## Exercise objective
Shown below is a listing with pictures; reproduce exactly, and only, the lines between the ones containing "HDKATOV 4 Channels" and "- DB 마스터 사용자 이름과 비밀번호를 입력한다.", inclusive, leaving the pictures out.

## Data section

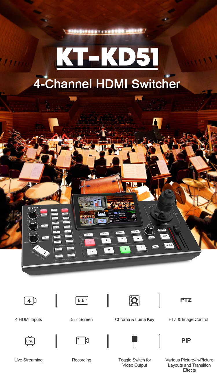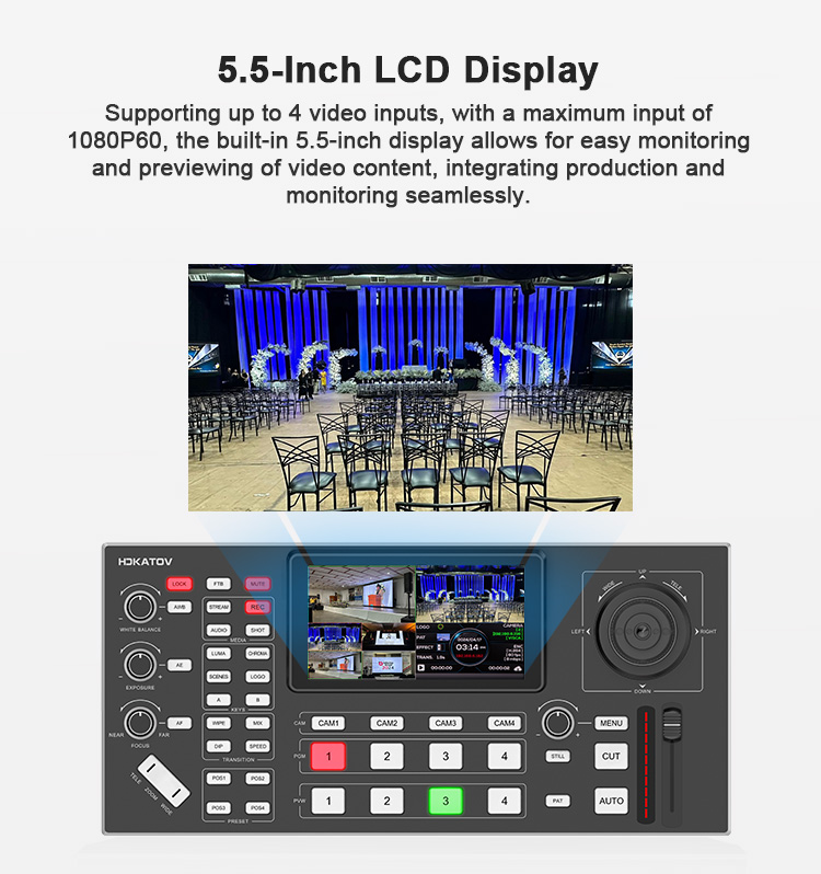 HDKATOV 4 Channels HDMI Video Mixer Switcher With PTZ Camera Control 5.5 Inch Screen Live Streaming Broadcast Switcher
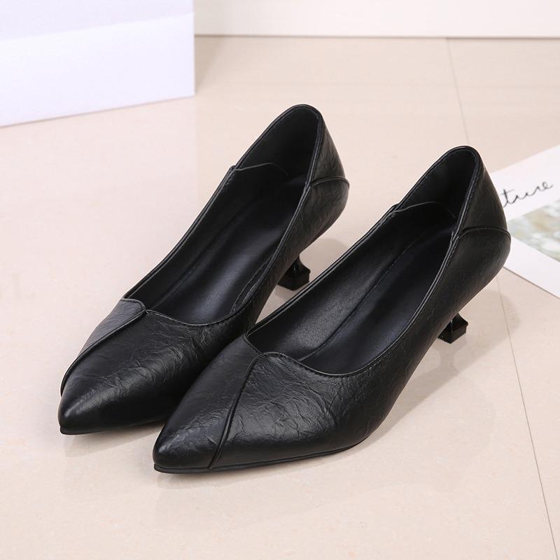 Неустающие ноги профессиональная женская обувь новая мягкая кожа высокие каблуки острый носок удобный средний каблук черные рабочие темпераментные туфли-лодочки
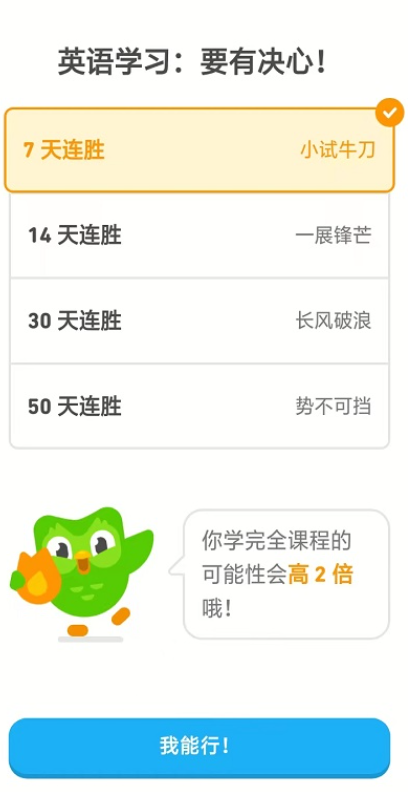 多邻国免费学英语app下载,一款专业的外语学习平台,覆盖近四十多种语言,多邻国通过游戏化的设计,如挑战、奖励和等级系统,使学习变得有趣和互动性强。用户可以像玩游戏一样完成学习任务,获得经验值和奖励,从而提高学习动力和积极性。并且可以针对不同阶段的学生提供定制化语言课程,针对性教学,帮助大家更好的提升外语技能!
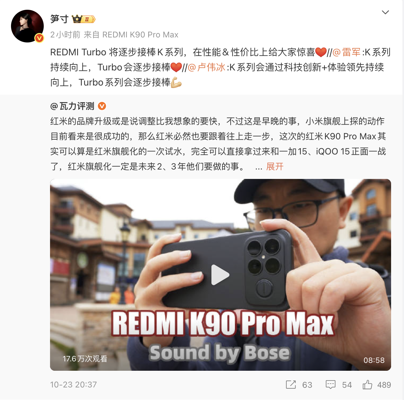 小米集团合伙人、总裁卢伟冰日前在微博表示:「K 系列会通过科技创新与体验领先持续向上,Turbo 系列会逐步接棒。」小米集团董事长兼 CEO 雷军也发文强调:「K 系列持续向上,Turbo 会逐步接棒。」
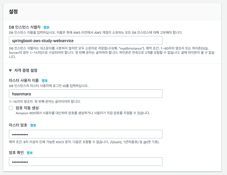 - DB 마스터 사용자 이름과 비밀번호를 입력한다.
==
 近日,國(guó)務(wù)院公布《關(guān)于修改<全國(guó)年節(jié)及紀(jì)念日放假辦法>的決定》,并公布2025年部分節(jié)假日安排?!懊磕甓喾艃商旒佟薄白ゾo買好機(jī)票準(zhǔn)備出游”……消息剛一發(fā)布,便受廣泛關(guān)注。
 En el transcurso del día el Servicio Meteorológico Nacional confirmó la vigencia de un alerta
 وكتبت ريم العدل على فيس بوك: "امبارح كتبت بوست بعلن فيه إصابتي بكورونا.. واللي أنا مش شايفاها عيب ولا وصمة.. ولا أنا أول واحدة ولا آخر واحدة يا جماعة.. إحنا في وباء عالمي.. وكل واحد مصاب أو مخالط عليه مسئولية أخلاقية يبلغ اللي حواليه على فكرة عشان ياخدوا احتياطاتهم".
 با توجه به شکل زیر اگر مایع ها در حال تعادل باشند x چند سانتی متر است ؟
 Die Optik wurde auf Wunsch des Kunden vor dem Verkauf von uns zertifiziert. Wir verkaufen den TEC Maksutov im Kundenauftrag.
==
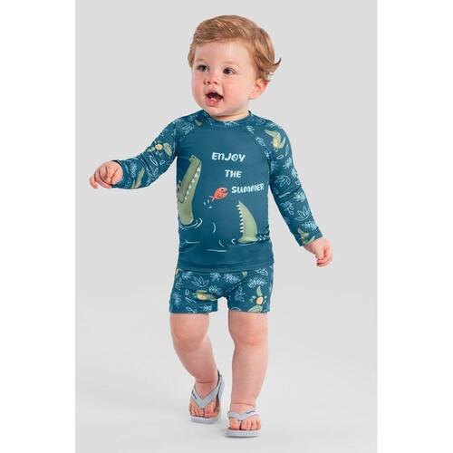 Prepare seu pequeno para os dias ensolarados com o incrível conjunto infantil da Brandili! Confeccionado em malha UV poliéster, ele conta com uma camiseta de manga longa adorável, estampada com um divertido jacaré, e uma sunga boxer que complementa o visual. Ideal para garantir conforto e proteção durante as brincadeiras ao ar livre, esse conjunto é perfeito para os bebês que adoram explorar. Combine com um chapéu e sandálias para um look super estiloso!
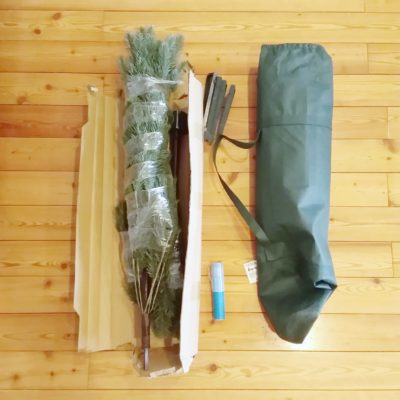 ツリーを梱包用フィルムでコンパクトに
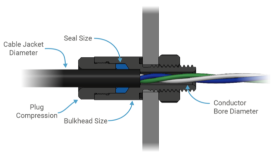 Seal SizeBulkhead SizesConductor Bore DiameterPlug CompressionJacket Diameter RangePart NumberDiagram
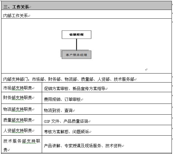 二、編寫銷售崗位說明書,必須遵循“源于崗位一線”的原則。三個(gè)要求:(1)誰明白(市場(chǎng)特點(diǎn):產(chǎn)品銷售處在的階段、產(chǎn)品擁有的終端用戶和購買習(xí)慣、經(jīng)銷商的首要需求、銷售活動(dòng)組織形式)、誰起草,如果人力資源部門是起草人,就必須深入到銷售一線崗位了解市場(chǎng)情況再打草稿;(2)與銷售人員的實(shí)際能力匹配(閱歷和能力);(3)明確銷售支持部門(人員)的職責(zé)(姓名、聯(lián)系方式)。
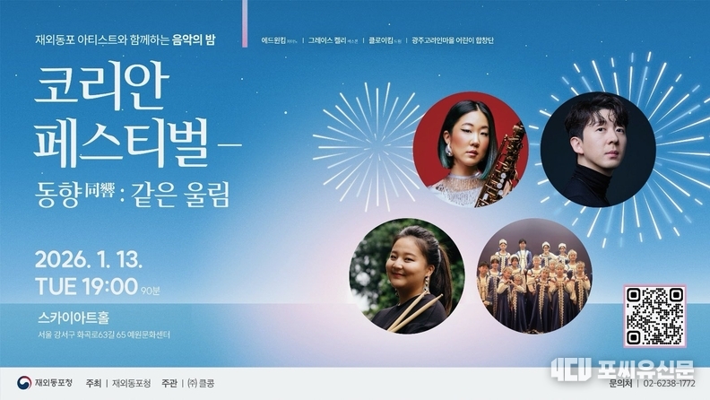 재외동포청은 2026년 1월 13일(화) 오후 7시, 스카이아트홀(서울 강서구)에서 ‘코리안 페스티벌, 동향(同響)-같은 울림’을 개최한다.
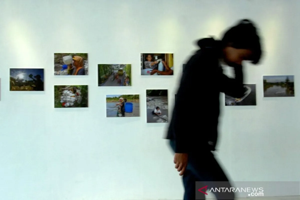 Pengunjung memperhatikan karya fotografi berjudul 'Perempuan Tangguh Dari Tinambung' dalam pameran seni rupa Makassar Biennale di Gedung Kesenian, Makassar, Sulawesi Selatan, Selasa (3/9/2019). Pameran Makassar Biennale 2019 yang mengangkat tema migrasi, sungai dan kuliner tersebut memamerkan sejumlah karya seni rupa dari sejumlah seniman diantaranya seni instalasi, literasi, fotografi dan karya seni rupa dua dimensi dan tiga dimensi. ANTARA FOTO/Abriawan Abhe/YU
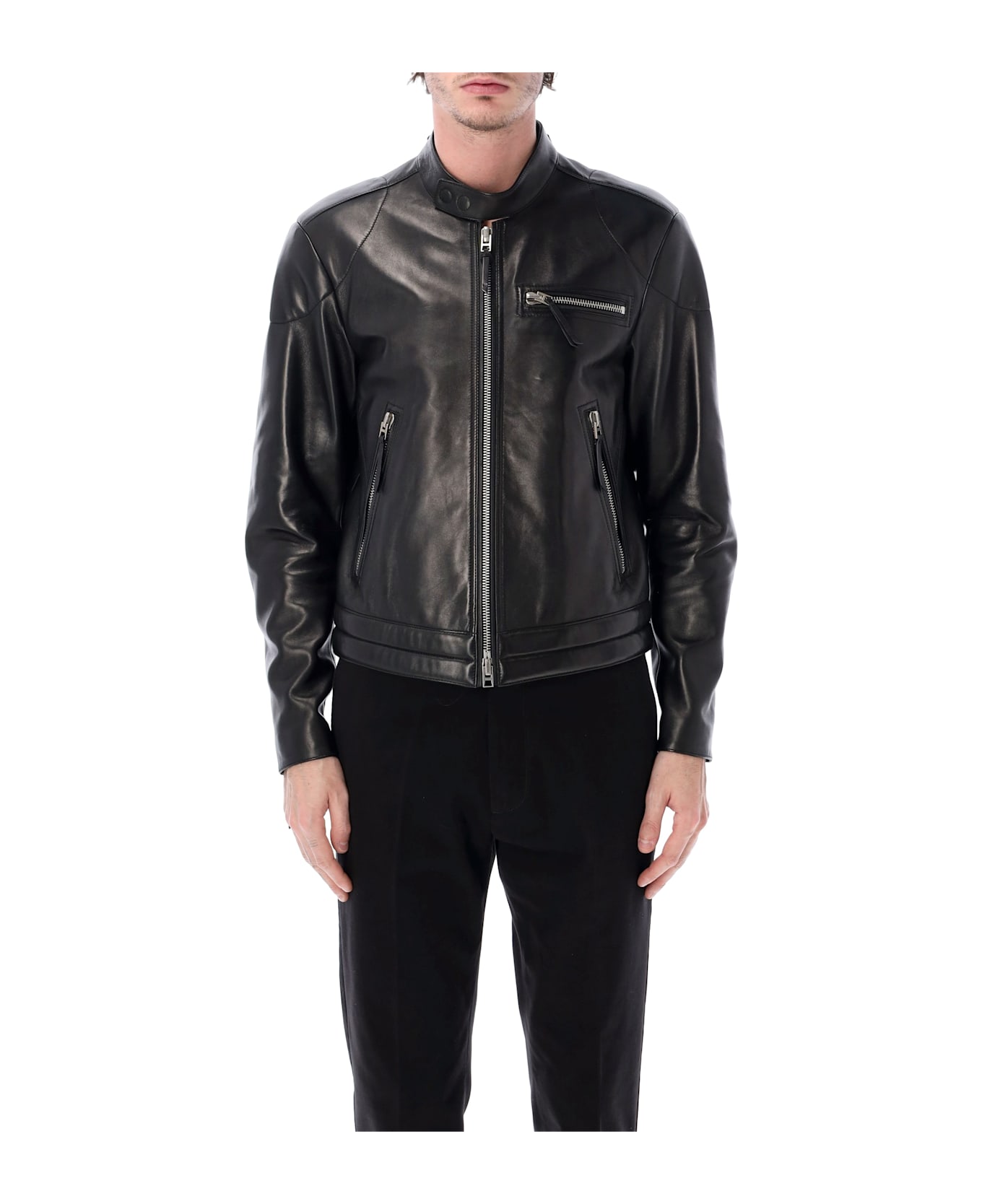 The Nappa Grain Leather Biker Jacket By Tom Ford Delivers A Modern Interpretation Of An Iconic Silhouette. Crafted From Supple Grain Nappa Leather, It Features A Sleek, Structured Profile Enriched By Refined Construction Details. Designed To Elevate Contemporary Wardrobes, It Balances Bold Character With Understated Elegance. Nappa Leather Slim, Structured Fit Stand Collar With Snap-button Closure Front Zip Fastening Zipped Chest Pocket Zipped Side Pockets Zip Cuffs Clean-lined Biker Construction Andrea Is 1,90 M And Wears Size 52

## Finished exercise
 HDKATOV 4 Channels HDMI Video Mixer Switcher With PTZ Camera Control 5.5 Inch Screen Live Streaming Broadcast Switcher
 Неустающие ноги профессиональная женская обувь новая мягкая кожа высокие каблуки острый носок удобный средний каблук черные рабочие темпераментные туфли-лодочки
 多邻国免费学英语app下载,一款专业的外语学习平台,覆盖近四十多种语言,多邻国通过游戏化的设计,如挑战、奖励和等级系统,使学习变得有趣和互动性强。用户可以像玩游戏一样完成学习任务,获得经验值和奖励,从而提高学习动力和积极性。并且可以针对不同阶段的学生提供定制化语言课程,针对性教学,帮助大家更好的提升外语技能!
 小米集团合伙人、总裁卢伟冰日前在微博表示:「K 系列会通过科技创新与体验领先持续向上,Turbo 系列会逐步接棒。」小米集团董事长兼 CEO 雷军也发文强调:「K 系列持续向上,Turbo 会逐步接棒。」
 - DB 마스터 사용자 이름과 비밀번호를 입력한다.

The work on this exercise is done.